How to complete this task = Retype, with no pictures, each line from the one that holds "None of this" through the last line of the entries below, both included.

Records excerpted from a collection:

[Start of Attachment]

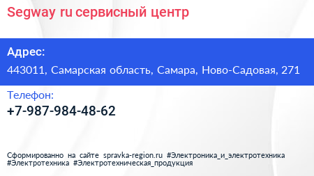 Segway.ru, сервисный центр по адресу 443011, Самарская область, Самара, Ново-Садовая, 271 в дальнейшем Организация, размещена в следующих категориях:
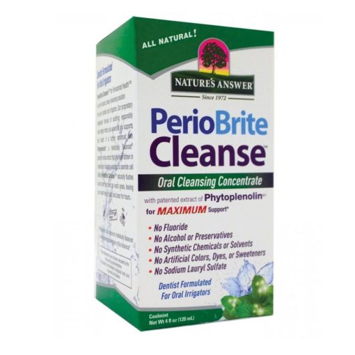 PerioBrite Cleanse Oral Cleansing Concentrate is an all-natural, deep-cleansing solution for use in dental oral irrigators. Its proprietary vegetarian formula of soothing responsibly wild-crafted herbs plus essential oils supports oral health. It’s further enhanced with Phytoplenolin, holistically balanced patented herbal extract that has been shown in independent laboratory studies to promote cell vitality.
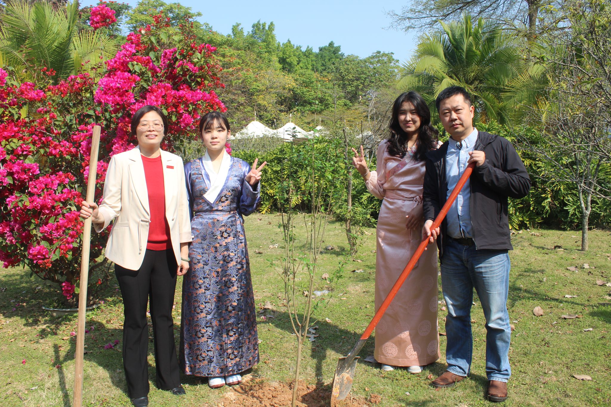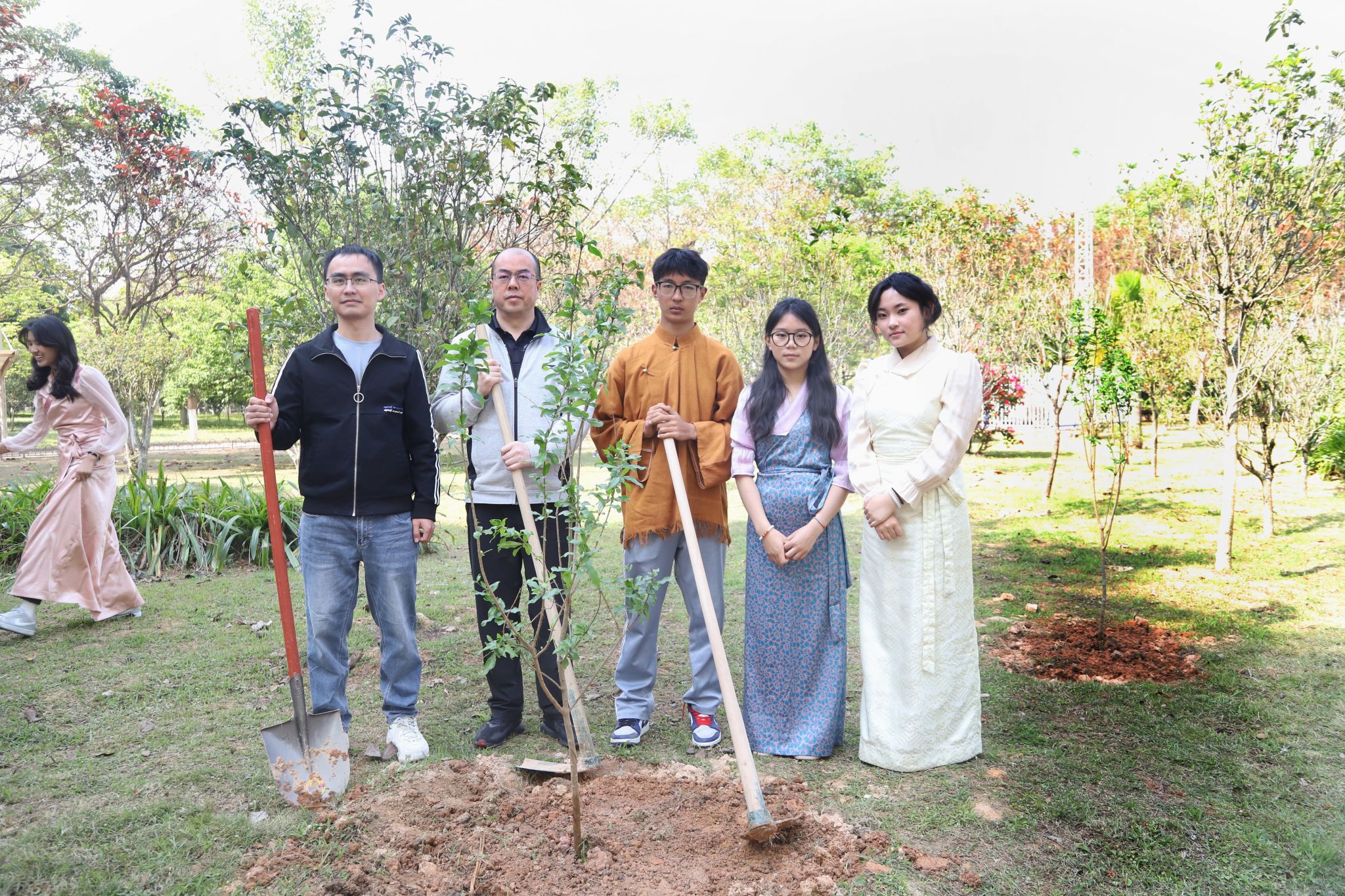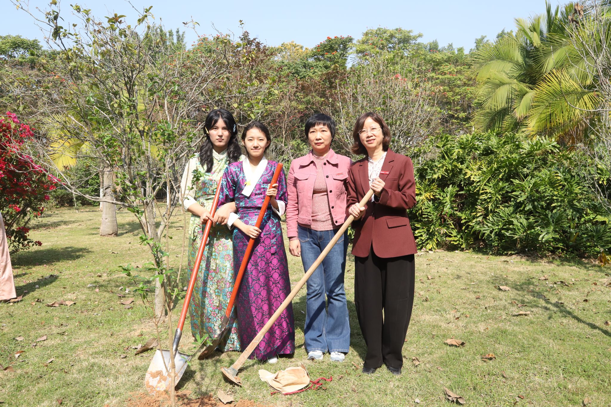 根脉相连共成长,枝叶相倚同筑梦。两校师生挥锹培土,在闽南师大校园栽下8棵象征民族团结的石榴树。石榴树扎根闽南红壤,象征各民族像石榴籽般紧密相连;两校师生共培沃土,寓意各民族优秀文化在交流中交融创新。陈晶莹与杨娟共同为“同心林”景观石揭幕,标志着两校铸牢中华民族共同体意识的合作迈出新步伐。爱心助教员工代表林晖与西藏班员工普布卓玛激动地表示:“这是8棵象征“团结、繁荣、希望”的石榴树,见证着闽藏学子的深厚情谊!”
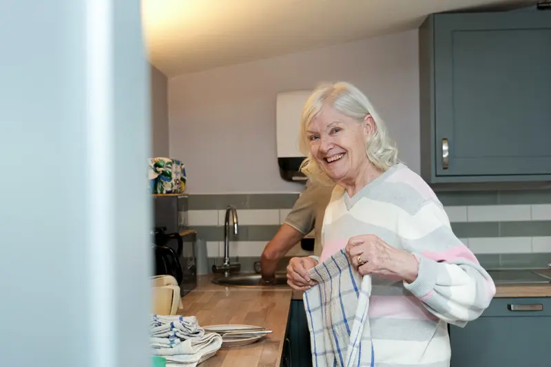 People’s own bedrooms provide private space personal to them, enhanced with their own belongings and creating a feeling of familiarity and safety that is truly their own. Easy access from the lounges to two enclosed gardens provides a sense of freedom and independence for people as they freely take a walk outside; sit and chat on a bench, help hang the washing out and sweep the paths.
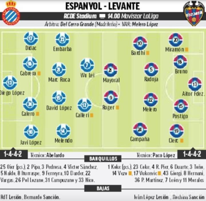 北京时间今晚20:00,西班牙人将在西甲第30轮主场迎战莱万特,赛前《马卡报》预测了他们的首发阵容,武磊出战。
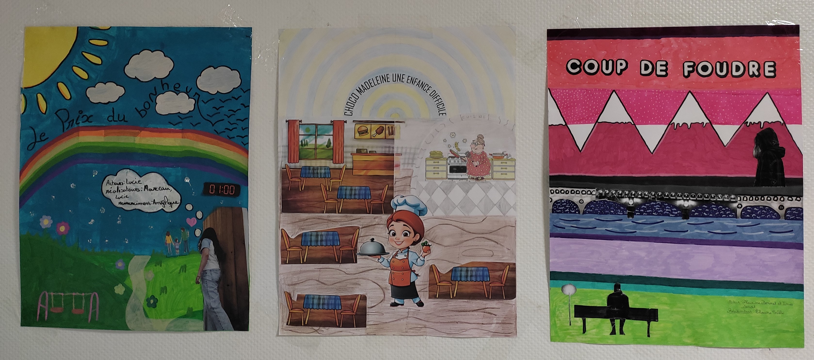 Après avoir analysé les affiches des 3 films présentés dans le cadre du dispositif "collège au cinéma", les élèves de 5èmes ont été invité à réaliser des affiches de cinéma à partir de différents synopsis fournis. L’objectif était de créer une affiche qui donne envie de voir le film en travaillant sur la composition de l’image, les couleurs pour mettre en évidence le thème de l’histoire et représenter quelques indices de l’histoire pour susciter la curiosité du spectateur.
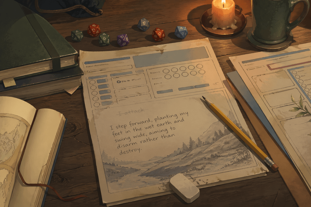 None of this is fast. It’s also not supposed to be. The goal is a table where roleplay becomes the path of least resistance, not the scary alternative.
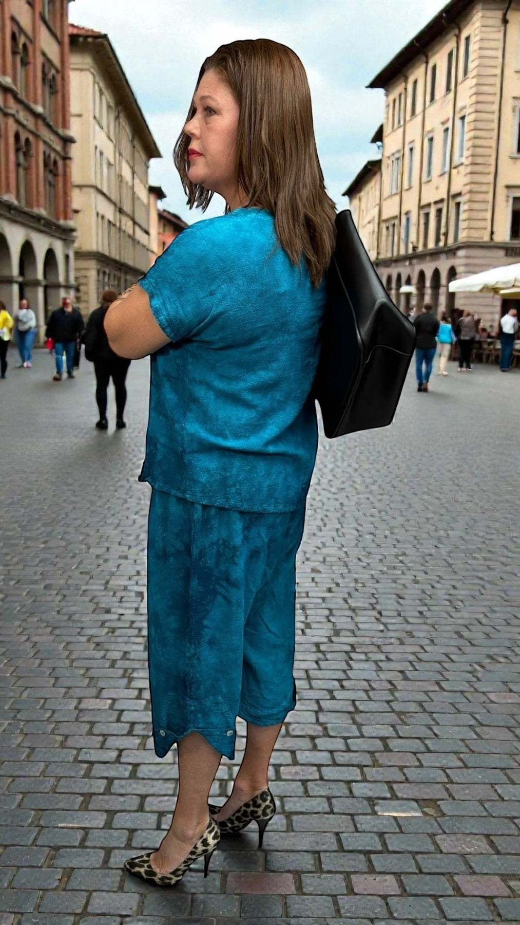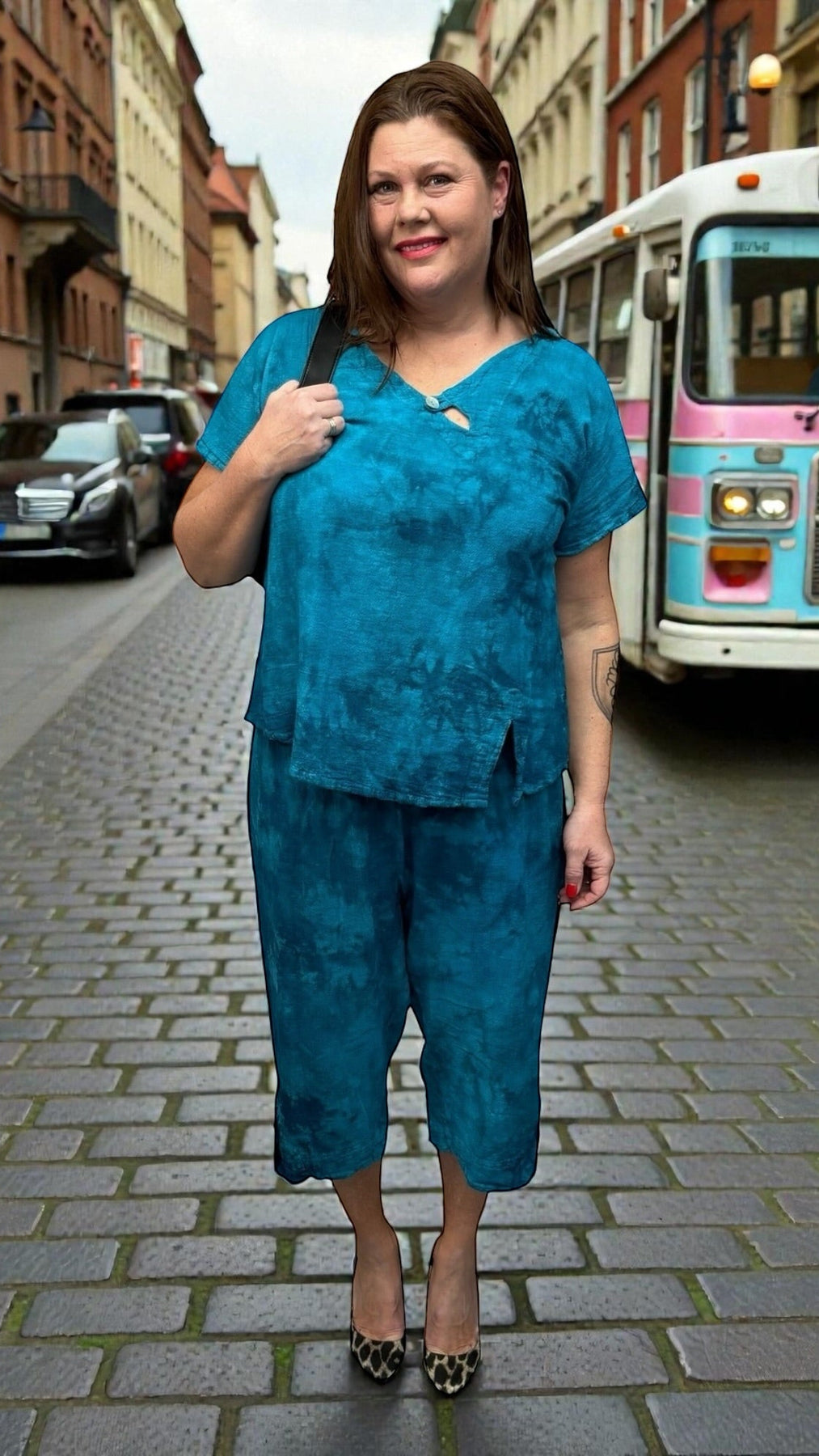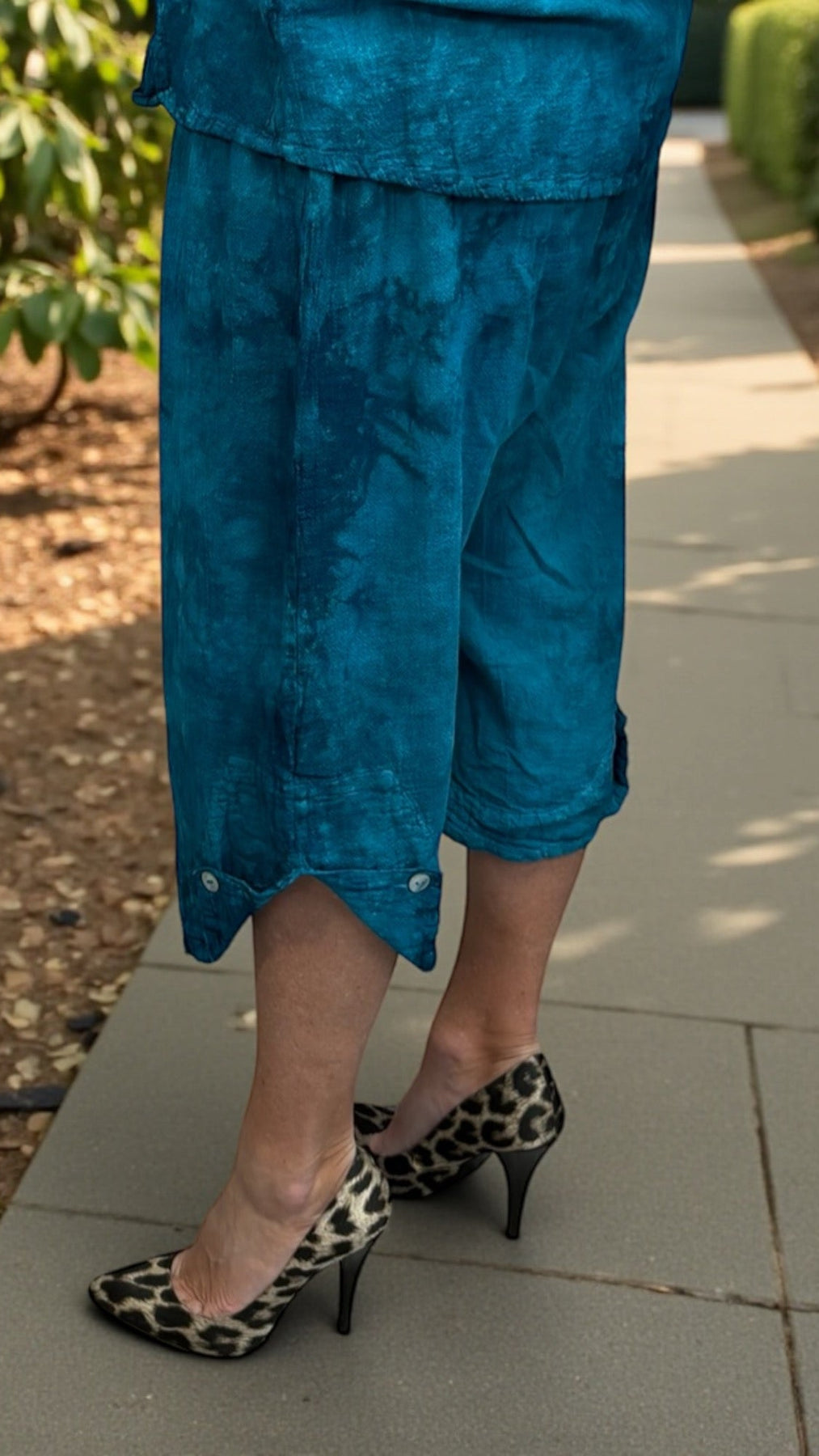 Stay cool and comfortable in these effortlessly stylish cotton gauze capris, designed for everyday wear and easy movement. Featuring a beautiful washed blend of teal and navy, these capris offer a soft two-tone look that’s both flattering and versatile.
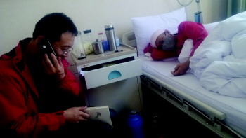 | 丈夫不离不弃,筹钱为妻子治病。官文涛 摄 |
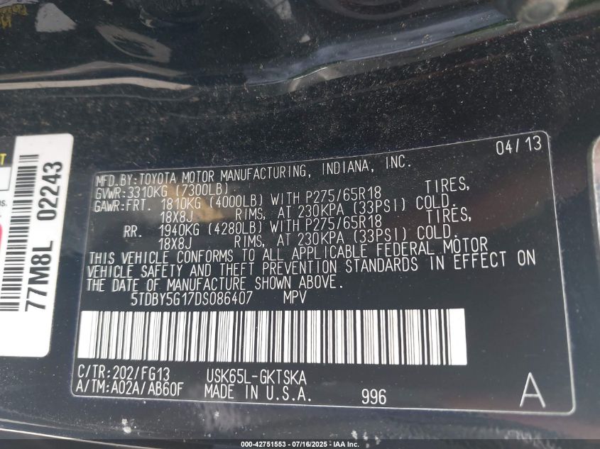 2013 TOYOTA SEQUOIA LIMITED
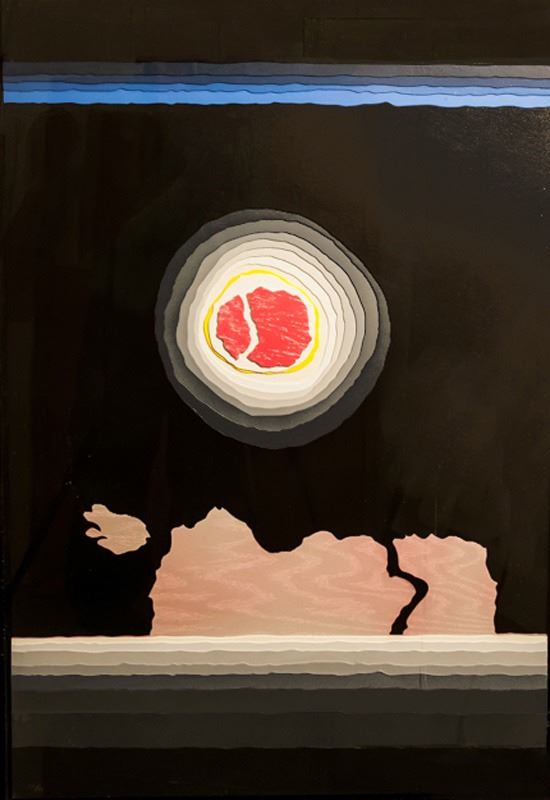 Medium: Painted Paper Collage, signed
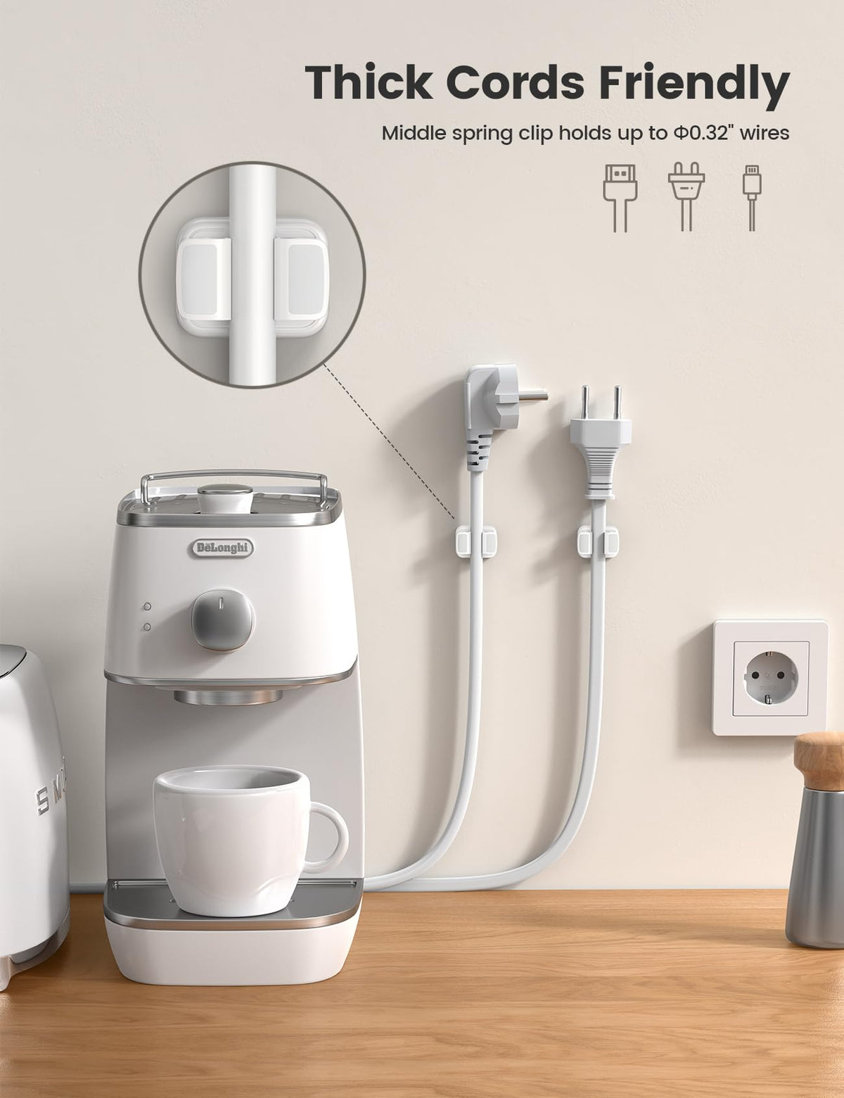 6Pack Cord Organzier Spring Clip Holder Lamicall 3 In 1 Small Clips For Desk Cable Management, Adhesive Adjustable Cable Clips

[End of Attachment]

Your response =
 None of this is fast. It’s also not supposed to be. The goal is a table where roleplay becomes the path of least resistance, not the scary alternative.
 Stay cool and comfortable in these effortlessly stylish cotton gauze capris, designed for everyday wear and easy movement. Featuring a beautiful washed blend of teal and navy, these capris offer a soft two-tone look that’s both flattering and versatile.
 | 丈夫不离不弃,筹钱为妻子治病。官文涛 摄 |
 2013 TOYOTA SEQUOIA LIMITED
 Medium: Painted Paper Collage, signed
 6Pack Cord Organzier Spring Clip Holder Lamicall 3 In 1 Small Clips For Desk Cable Management, Adhesive Adjustable Cable Clips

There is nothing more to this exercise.